_Required work_
Write out exactly the lines below starting at the one containing "Northern wet meadow, Bates Lake NFW." and ending at the one containing "Students cleaning the village...". Omit every picture.

(Beginning of Data provided)

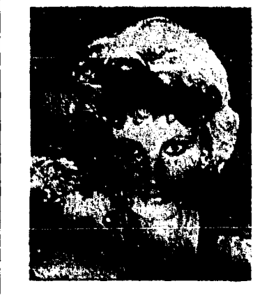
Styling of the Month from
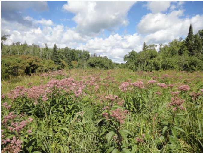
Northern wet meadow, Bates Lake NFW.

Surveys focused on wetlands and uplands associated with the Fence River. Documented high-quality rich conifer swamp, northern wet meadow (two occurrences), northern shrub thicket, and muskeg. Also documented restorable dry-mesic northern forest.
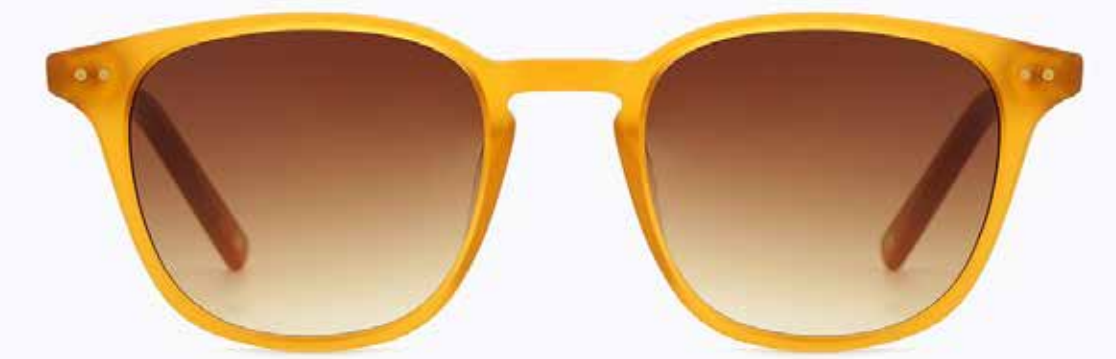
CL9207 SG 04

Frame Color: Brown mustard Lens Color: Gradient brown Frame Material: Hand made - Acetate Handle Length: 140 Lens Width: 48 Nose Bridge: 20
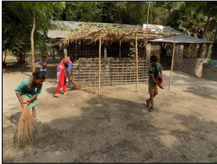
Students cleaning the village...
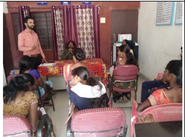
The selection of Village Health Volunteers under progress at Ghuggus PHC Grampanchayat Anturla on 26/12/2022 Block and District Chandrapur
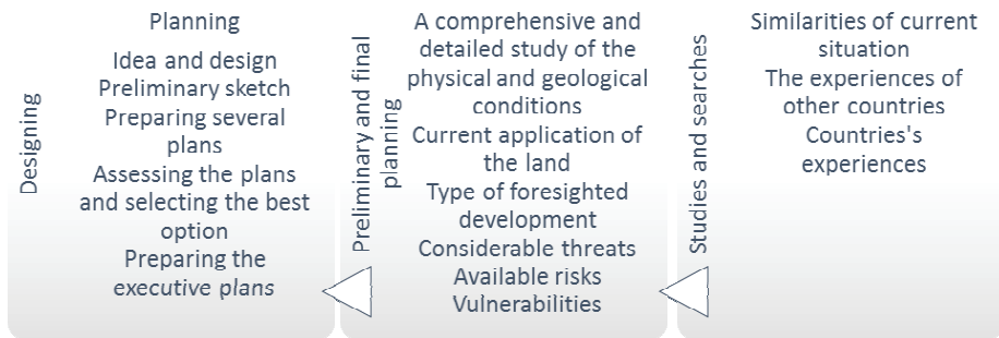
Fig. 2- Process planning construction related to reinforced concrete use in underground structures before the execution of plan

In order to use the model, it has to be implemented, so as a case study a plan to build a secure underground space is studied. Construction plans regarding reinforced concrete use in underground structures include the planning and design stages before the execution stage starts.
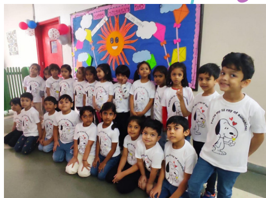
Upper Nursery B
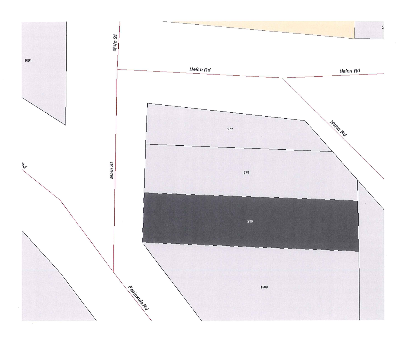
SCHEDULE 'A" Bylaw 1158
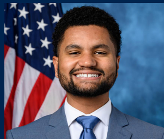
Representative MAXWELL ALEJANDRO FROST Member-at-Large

(End of Data provided)
(Beginning of Data provided)

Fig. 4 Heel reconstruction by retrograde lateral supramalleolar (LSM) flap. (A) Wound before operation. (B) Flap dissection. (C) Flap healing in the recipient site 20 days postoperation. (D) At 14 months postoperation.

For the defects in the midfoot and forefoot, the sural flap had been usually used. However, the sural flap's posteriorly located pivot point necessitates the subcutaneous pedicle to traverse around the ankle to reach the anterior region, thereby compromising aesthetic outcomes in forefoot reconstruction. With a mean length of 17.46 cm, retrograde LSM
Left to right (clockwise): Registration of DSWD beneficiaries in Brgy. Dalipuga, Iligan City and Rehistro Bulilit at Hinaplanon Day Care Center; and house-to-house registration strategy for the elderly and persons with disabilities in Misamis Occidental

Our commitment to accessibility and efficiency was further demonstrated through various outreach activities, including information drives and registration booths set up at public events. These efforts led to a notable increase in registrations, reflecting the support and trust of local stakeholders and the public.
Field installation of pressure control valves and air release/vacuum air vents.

(End of Data provided)
(Beginning of Data provided)

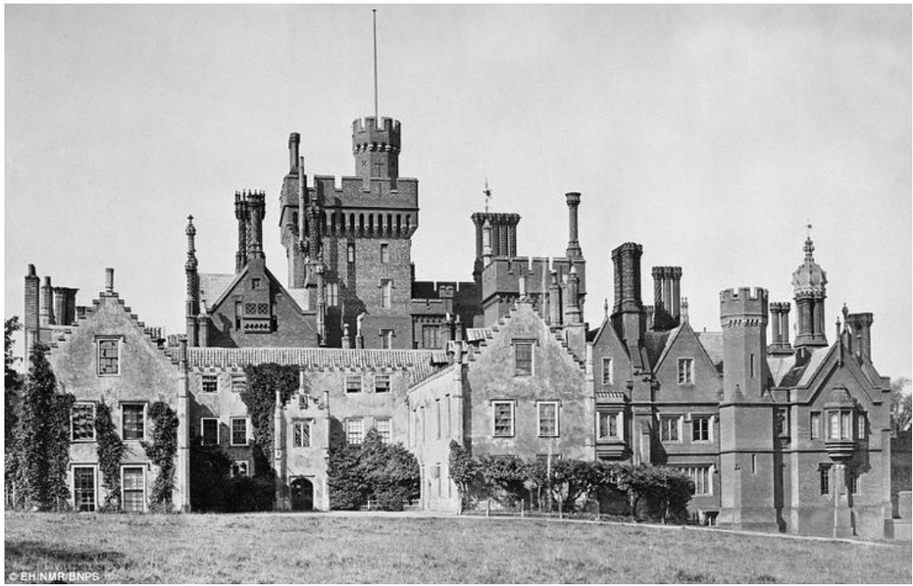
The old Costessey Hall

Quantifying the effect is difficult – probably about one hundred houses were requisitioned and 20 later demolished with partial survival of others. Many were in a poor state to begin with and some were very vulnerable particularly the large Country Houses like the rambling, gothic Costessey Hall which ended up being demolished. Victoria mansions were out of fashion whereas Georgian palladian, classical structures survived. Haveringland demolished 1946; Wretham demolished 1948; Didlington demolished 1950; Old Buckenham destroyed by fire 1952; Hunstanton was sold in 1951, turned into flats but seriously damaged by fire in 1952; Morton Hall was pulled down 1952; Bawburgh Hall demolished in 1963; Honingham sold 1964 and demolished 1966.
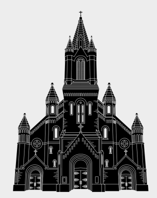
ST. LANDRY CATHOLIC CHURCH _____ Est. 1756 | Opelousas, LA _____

(End of Data provided)

_Solution to the exercise_
Northern wet meadow, Bates Lake NFW.

Surveys focused on wetlands and uplands associated with the Fence River. Documented high-quality rich conifer swamp, northern wet meadow (two occurrences), northern shrub thicket, and muskeg. Also documented restorable dry-mesic northern forest.
CL9207 SG 04

Frame Color: Brown mustard Lens Color: Gradient brown Frame Material: Hand made - Acetate Handle Length: 140 Lens Width: 48 Nose Bridge: 20
Students cleaning the village...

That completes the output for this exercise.